У меня закружилась голова. По глазам ударила яркая радужная вспышка.

– А вот Яр. Подожди, сейчас включу синхронизатор.

Когда я раскрыл непроизвольно зажмуренные глаза, передо мной покачивался серебристый диск с нечетко очерченными краями. На его поверхности виднелись бесформенные пятна блеклых, едва угадываемых цветов.

«Материки и океаны», – догадался я.

Хотел что‑то сказать и не мог.

Гема… Прародина… Никогда бы не подумал, что при виде ее испытаю столь сильное ностальгическое чувство. Казалось бы, меня ничто с ней не связывает, она проклята и вырвана из сердца навсегда. И родился‑то я не там, а на Космополисе. Отчего же тогда эти слезы и тяжесть в груди и ощущение невосполнимой потери?

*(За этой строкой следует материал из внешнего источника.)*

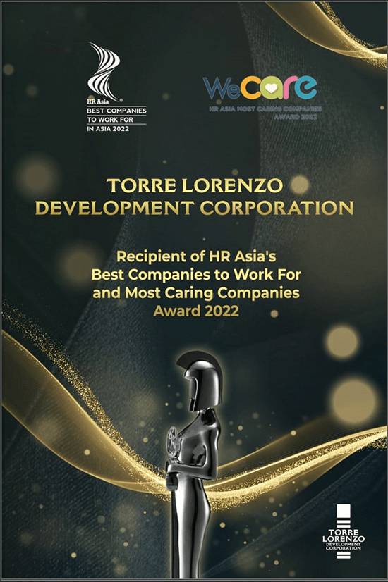 Torre Lorenzo was also recognized as one of HR Asia’s Best Companies to Work For in 2022. The Company was also a recipient of HR Asia’s Most Caring Companies Award 2022. Out of 185 Filipino companies that took part in HR Asia’s proprietary Total Engagement Assessment, only the top 35 companies were named as HR Asia’s Best Companies to work for in Asia 2022. From this roster, only six companies were given the Most Caring Companies Award 2022.
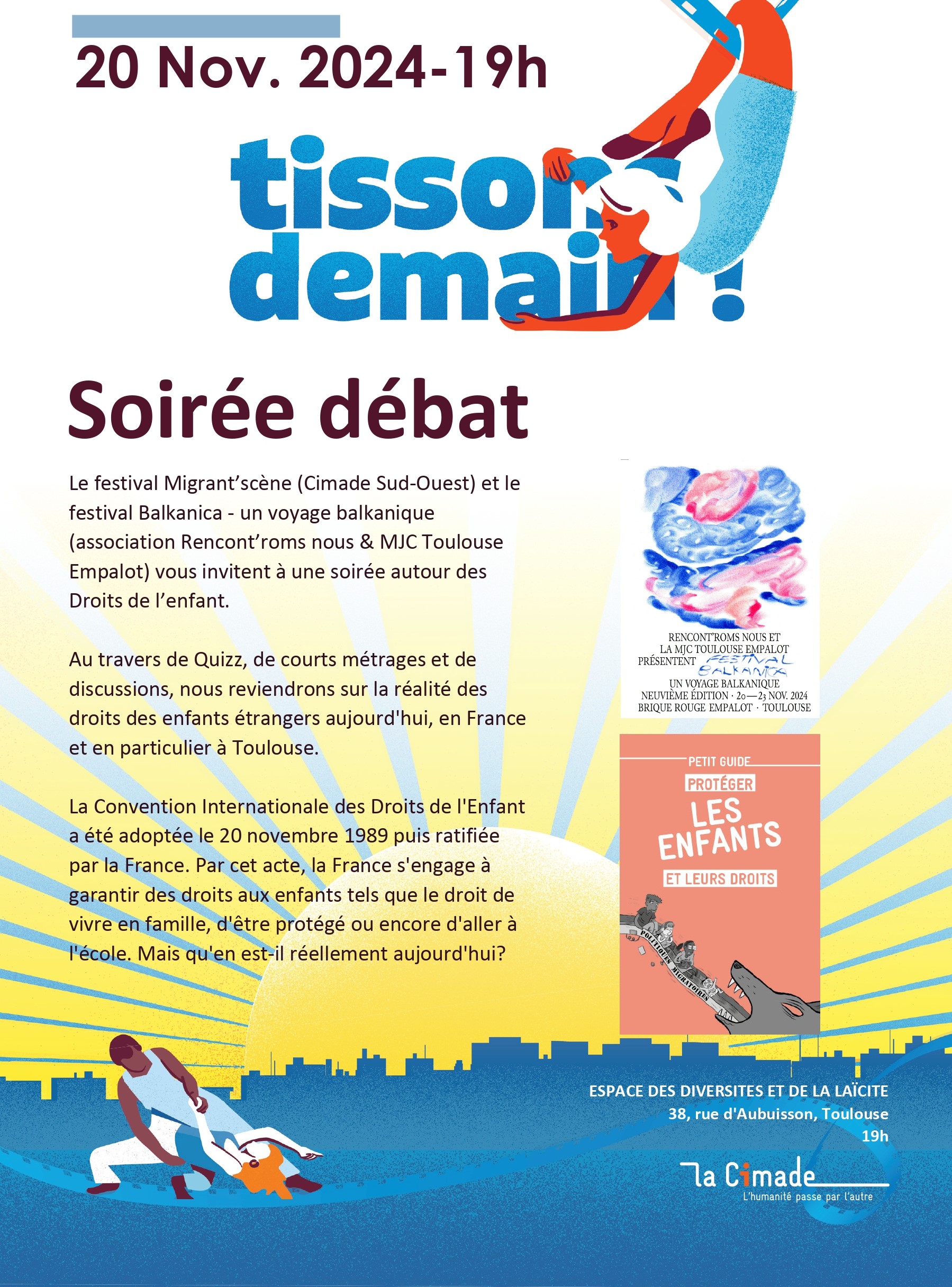 Cette année encore, le festival Balkanica – un voyage balkanique s’associe avec le festival Migrant’scène, organisé par la Cimade Sud-Ouest (dont la thématique 2024 est Tissons demain), pour une soirée commune le mercredi 20 novembre, à l’espace diversités laïcité. Le 20 novembre étant la Journée internationale des Droits de l’Enfant, nous proposons ainsi une soirée rencontre / projection / discussion autour de cette thématique avec courts-métrages, quizz et discussions.

«Будь же мужчиной!» – прикрикнул я на себя мысленно и тут боковым зрением перехватил взгляд Урма. Печальный и нежный, каким, вероятно, смотрят на любимую женщину, которая больше тебе не принадлежит. И взгляд этот был прикован к Геме…

– На первый раз довольно, – оторвавшись от созерцания Гемы, проговорил Урм. – Ну, что скажешь?

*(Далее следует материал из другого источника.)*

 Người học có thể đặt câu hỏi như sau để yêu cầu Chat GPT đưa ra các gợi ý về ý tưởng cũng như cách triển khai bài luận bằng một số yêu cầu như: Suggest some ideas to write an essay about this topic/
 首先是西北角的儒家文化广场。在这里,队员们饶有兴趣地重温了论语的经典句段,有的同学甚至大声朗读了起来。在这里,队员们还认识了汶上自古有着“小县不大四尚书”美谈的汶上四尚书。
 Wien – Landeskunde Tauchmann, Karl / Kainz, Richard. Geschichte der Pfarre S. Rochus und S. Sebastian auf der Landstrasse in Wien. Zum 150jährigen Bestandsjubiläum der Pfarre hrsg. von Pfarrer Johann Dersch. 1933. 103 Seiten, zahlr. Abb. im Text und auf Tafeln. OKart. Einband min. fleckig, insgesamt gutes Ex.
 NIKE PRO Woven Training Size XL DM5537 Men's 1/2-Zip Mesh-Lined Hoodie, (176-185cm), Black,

– Здорово! – вырвалось у меня.

Но тотчас возобладало чувство осторожности.

«С какой же все‑таки целью он заманил меня к себе? Что если это проверка на благонадежность? А я ему столько наговорил…»

– Здорово, – снова сказал я, но уже безразличным тоном. Вот как, оказывается, выглядит со стороны логово врага!

– Логово врага? – повторил мои слова Урм. – Логово… Ах, да, конечно…

 

Изгнание» Тиса

 

Непостижимо! Тис оказался врагом, агентом «призраков»! Никогда бы не поверил в это, если бы своими ушами не слышал его признания.

Суд над Тисом был открытым, ведь у нас демократия, хотя ее принципами зачастую пренебрегают.

Судебные заседания транслировали по всесвязи. Асда пришла ко мне, и мы, прижавшись друг к другу, не отрывали глаз от экрана.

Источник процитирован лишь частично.